*EXERCISE PROMPT*: Exercise in exact copying: restate word for word only the lines below from the one containing "體育資訊10月13日訊 德國" through the one containing "Veste intermédiaire Norrona", omitting any pictures.
(INFORMATION GIVEN begins)
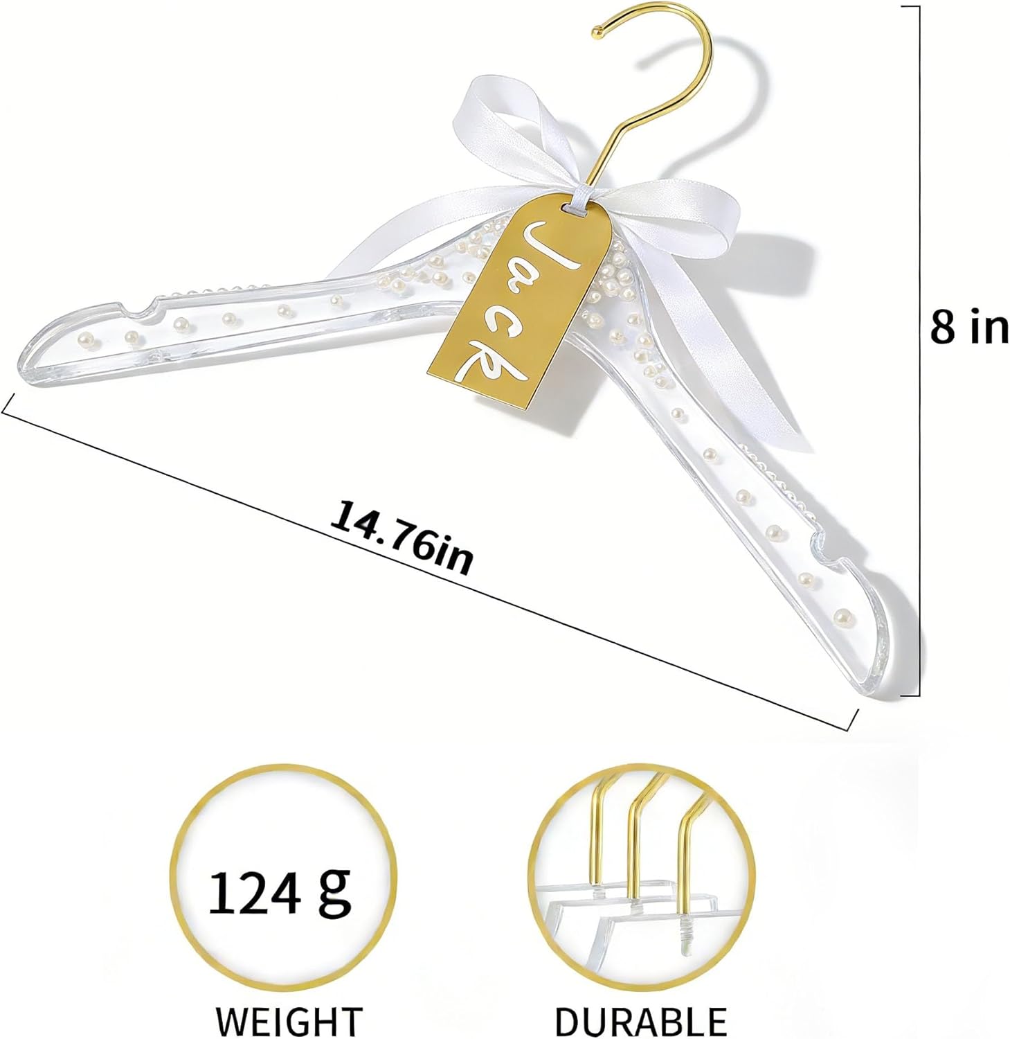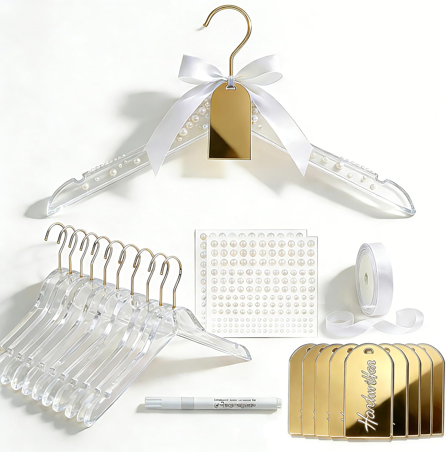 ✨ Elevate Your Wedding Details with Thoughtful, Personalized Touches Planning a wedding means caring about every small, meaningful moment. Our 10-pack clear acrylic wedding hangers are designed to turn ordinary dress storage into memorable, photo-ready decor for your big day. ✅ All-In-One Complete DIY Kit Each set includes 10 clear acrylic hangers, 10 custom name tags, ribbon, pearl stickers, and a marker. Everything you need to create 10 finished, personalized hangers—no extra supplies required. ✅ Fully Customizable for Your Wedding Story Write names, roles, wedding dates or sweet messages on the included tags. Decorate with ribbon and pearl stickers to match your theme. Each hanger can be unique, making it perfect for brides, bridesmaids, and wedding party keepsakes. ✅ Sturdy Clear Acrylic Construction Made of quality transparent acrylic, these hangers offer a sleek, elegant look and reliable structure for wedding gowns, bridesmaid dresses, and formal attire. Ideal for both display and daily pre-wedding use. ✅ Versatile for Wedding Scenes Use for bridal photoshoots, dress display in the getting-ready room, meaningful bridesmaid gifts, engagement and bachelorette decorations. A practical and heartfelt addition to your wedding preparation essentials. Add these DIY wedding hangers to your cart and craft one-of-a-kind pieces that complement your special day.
(INFORMATION GIVEN ends)
(INFORMATION GIVEN begins)
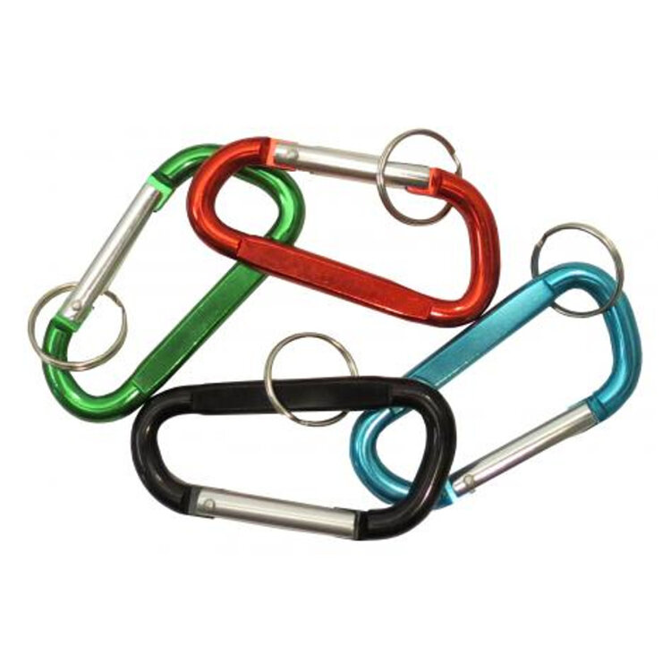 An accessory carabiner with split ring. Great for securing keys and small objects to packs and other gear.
(INFORMATION GIVEN ends)
(INFORMATION GIVEN begins)
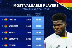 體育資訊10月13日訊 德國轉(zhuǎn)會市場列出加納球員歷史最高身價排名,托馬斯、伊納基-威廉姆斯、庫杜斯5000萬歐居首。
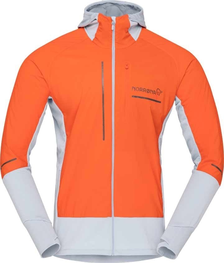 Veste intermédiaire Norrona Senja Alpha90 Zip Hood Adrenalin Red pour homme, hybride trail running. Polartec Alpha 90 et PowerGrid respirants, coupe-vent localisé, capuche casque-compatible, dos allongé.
(INFORMATION GIVEN ends)
*SOLUTION TO THE PROBLEM*:
 體育資訊10月13日訊 德國轉(zhuǎn)會市場列出加納球員歷史最高身價排名,托馬斯、伊納基-威廉姆斯、庫杜斯5000萬歐居首。
 Veste intermédiaire Norrona Senja Alpha90 Zip Hood Adrenalin Red pour homme, hybride trail running. Polartec Alpha 90 et PowerGrid respirants, coupe-vent localisé, capuche casque-compatible, dos allongé.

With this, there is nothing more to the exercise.